▶ _What to work on_: Could you transcribe exactly the lines below, from the line with "中国报道讯(记者吴蜀丰)20" through the line with "양념장에 삶은 꼬막을", and nothing else, leaving out the pictures?
------ Dataset content
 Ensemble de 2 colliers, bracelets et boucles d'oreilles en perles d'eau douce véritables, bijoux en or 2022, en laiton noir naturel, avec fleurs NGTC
------------
------ Dataset content
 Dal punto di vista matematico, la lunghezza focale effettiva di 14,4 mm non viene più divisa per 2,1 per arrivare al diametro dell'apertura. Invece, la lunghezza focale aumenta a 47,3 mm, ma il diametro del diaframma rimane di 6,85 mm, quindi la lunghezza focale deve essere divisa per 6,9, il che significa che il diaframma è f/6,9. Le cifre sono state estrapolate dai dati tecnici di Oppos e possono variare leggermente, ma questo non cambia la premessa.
------------
------ Dataset content
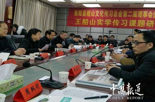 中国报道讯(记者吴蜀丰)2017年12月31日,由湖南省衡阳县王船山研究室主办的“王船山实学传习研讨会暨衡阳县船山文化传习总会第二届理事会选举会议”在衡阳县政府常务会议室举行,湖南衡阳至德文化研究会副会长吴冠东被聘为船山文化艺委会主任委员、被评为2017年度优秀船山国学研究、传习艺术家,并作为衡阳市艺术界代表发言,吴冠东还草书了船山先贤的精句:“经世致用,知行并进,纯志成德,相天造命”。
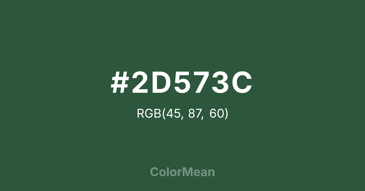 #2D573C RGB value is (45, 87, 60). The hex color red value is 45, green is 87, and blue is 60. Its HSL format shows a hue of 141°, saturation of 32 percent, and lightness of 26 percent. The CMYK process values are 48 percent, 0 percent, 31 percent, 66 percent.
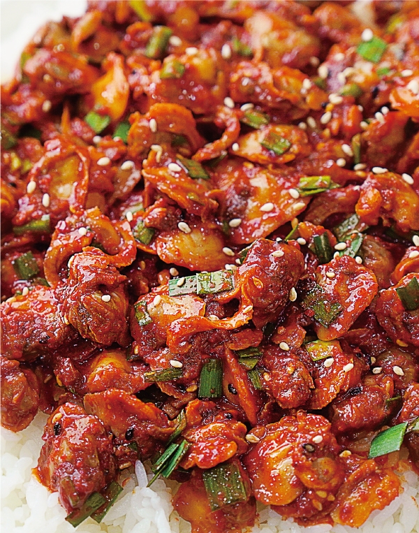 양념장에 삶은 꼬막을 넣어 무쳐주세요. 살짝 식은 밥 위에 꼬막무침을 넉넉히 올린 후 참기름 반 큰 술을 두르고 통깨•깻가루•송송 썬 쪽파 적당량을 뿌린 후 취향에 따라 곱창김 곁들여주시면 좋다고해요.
------------
▶ _Solution_:
 中国报道讯(记者吴蜀丰)2017年12月31日,由湖南省衡阳县王船山研究室主办的“王船山实学传习研讨会暨衡阳县船山文化传习总会第二届理事会选举会议”在衡阳县政府常务会议室举行,湖南衡阳至德文化研究会副会长吴冠东被聘为船山文化艺委会主任委员、被评为2017年度优秀船山国学研究、传习艺术家,并作为衡阳市艺术界代表发言,吴冠东还草书了船山先贤的精句:“经世致用,知行并进,纯志成德,相天造命”。
 #2D573C RGB value is (45, 87, 60). The hex color red value is 45, green is 87, and blue is 60. Its HSL format shows a hue of 141°, saturation of 32 percent, and lightness of 26 percent. The CMYK process values are 48 percent, 0 percent, 31 percent, 66 percent.
 양념장에 삶은 꼬막을 넣어 무쳐주세요. 살짝 식은 밥 위에 꼬막무침을 넉넉히 올린 후 참기름 반 큰 술을 두르고 통깨•깻가루•송송 썬 쪽파 적당량을 뿌린 후 취향에 따라 곱창김 곁들여주시면 좋다고해요.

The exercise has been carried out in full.